LAWS(P&H)-1990-11-97

RAM KISHAN Vs. STATE OF HARYANA

Decided On November 14, 1990
RAM KISHAN Appellant
V/S
STATE OF HARYANA Respondents

JUDGEMENT

(1.) INDERWATI and Saroj, two daughters of Balwan son of Rati Ram, resident of village Ghikada, were married to two brothers named Ram Kishan accused appellant and Satyawan, respectively, 13.4.1984. Around 5.00 A.M. on 7.11.1988, nearly 4 years and 7 months after her marriage, Inderwati died otherwise than under normal circumstances by drowning in the well of Ganga Ram son of Jawahara, resident of village Ghudan. Suraj Bhan, eldest brother of Ram Kishan, reported it to be a case of accident. Balwan Singh, father of the deceased, however, reported it to be a case of drowning death on 12-11-1988. The delay in lodging the FIR was explained by the father of the deceased thus :-

(2.) VIDE its impugned judgement dated 4-10-1989, learned trial court convicted Ram Kishan accused of the commission of offences under Sections 304-B and 498-A of the Indian Penal Code, but absolved him of the offence under Section 306 of the Indian Penal Code, holding that cruelty and maltreatment was alleged in respect of demands for more dowry and not to pressurise her to commit suicide. In respect of conviction, under Section 304-B of the Indian Penal Code, Ram Kishan accused was sentenced to undergo rigorous imprisonment for a period of seven years and rigorous imprisonment for a period of two years was awarded to him for his conviction under Section 498-A of the I.P.C. Both the substantive sentences of imprisonment awarded to convicted accused appellant were, however, ordered to run concurrently. Feeling aggrieved from his conviction and sentences aforesaid, Ram Kishan accused-appellant filed Criminal Appeal No. 408 S.B. of 1989 in this Court.

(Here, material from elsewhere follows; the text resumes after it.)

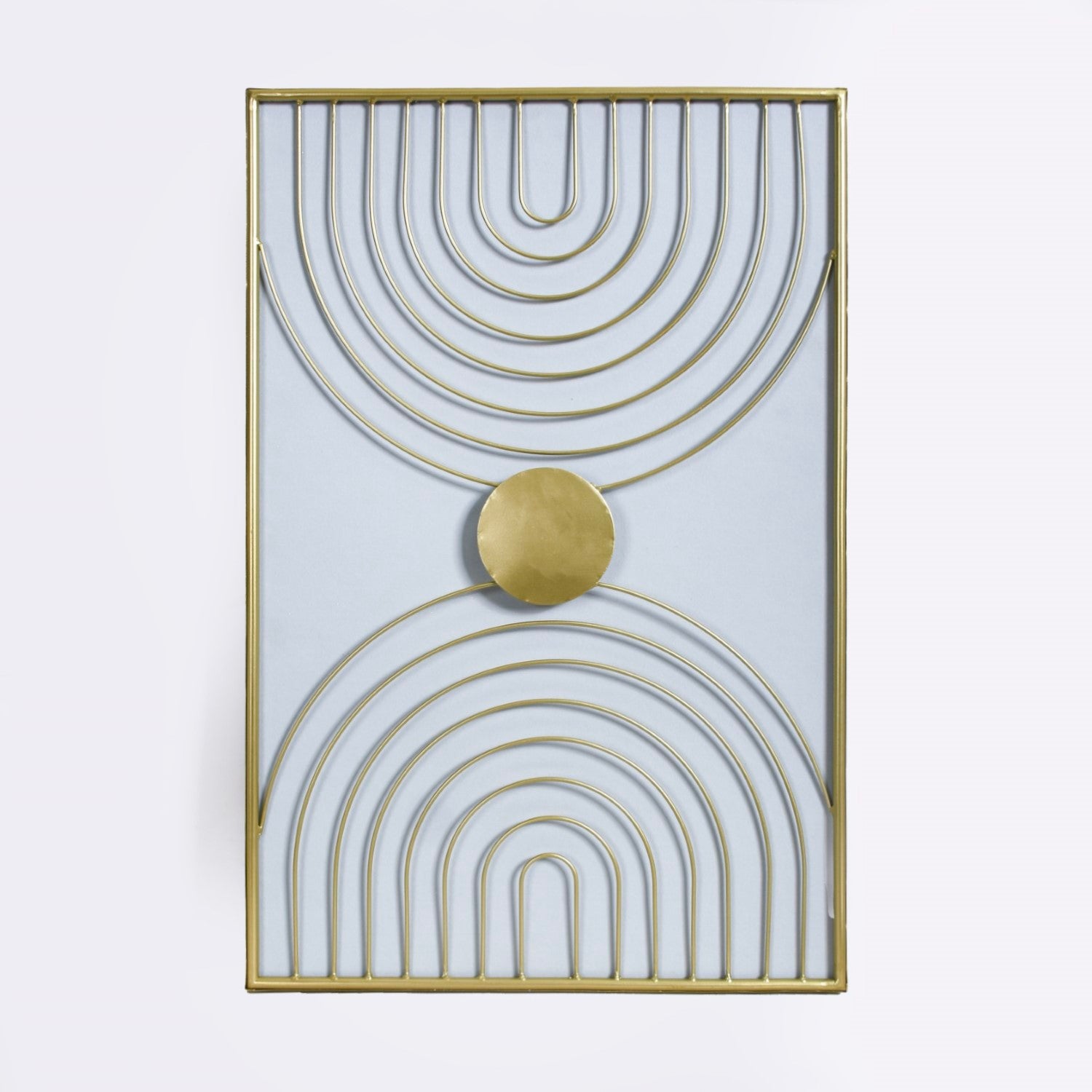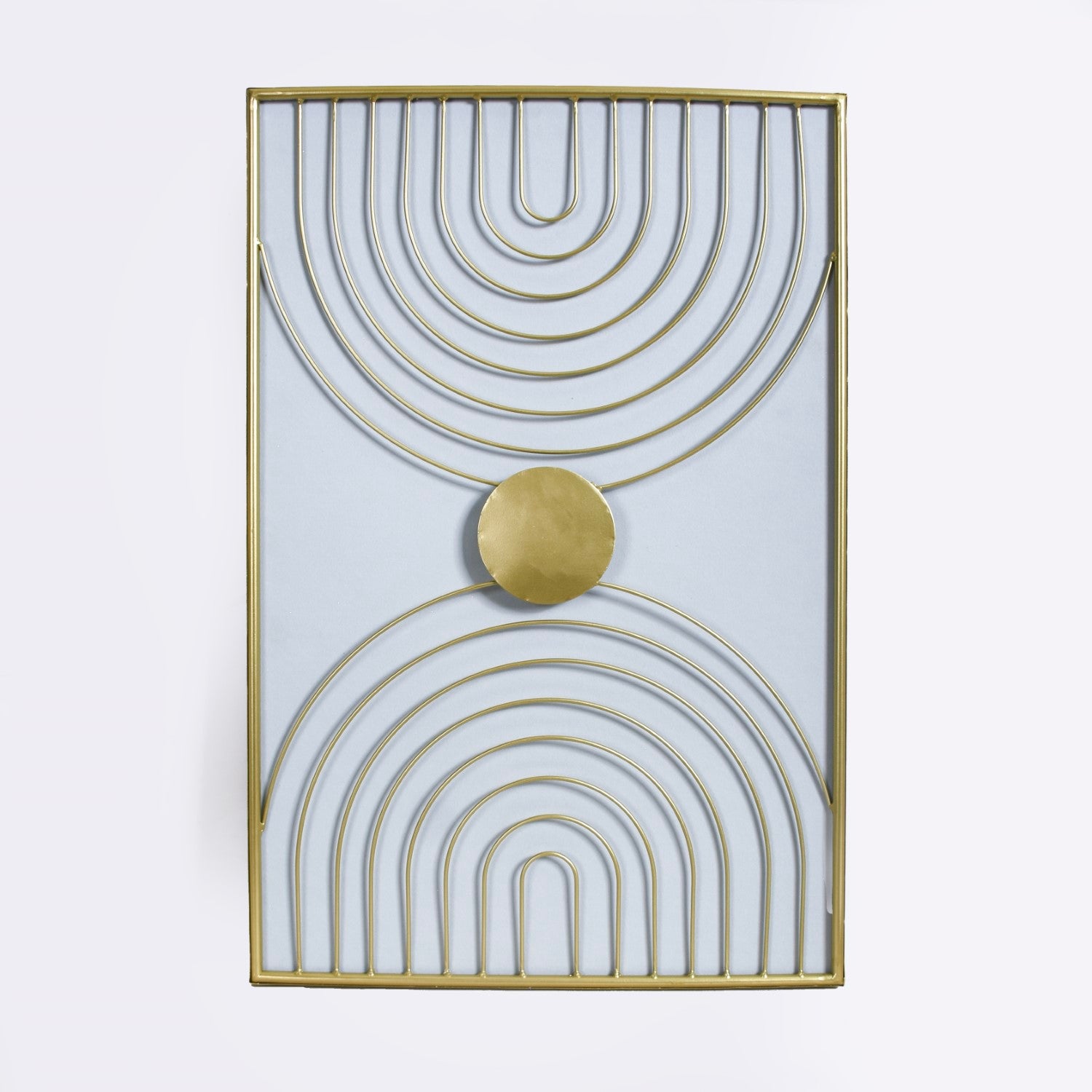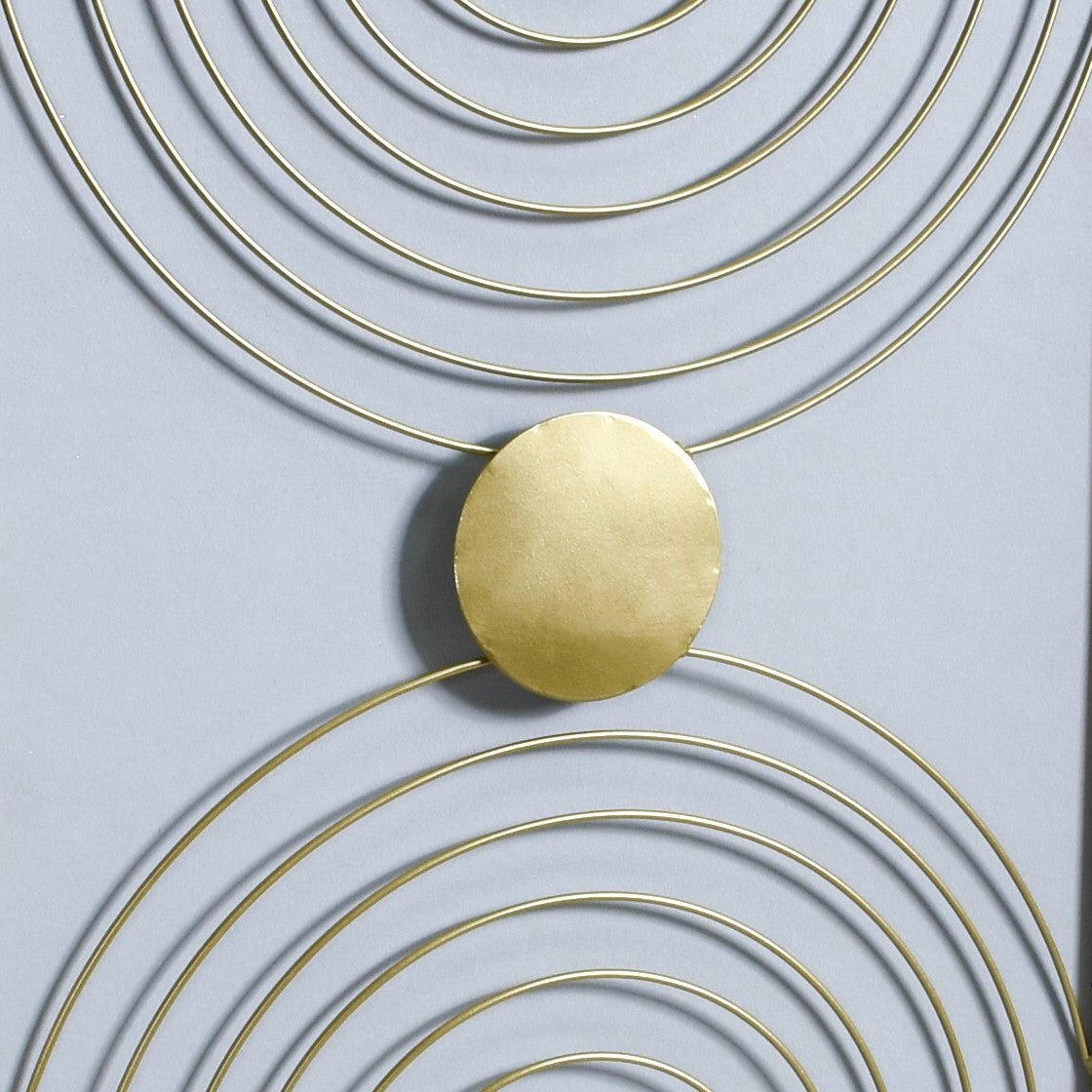 Crafted painstakingly from premium quality metal, the wall art features arched lines that resemble the bands of two rainbows passing through a centrally located sun. The restrained colour palette and the use of clean lines and geometric shapes embody the spirit of modern minimalism.

(3.) LEARNED counsel for appellant referred me to the observations made in Wazir Chand and another v. State of Haryana, 1989(1) Recent Criminal Reports 109 (SC) : 1989 CAR (SC) 109 and urged that drowning of Inderwati deceased in the well can either be termed as accident pure and simple or at the most intentional and determined suicide by the deceased. It can in no circumstances, according to the learned counsel for the appellant, be termed as dowry death, occurring otherwise than under normal circumstances. The argument is wholly without merit and the authority cited does not support it. In the authority cited, it was a burn case, occurring before the enactment of, Section 304-B of the Indian Penal Code. In the absence of suicide note and absence of kerosene smell from the clothes of the bride, it was held, "Admittedly medical aid having been proved to have been made available by the in-laws, it cannot be said with certainty that it was a case of suicide." Both, the father-in-law and the bridegroom, were, however, held guilty under Section 498-A of the Indian Penal Code.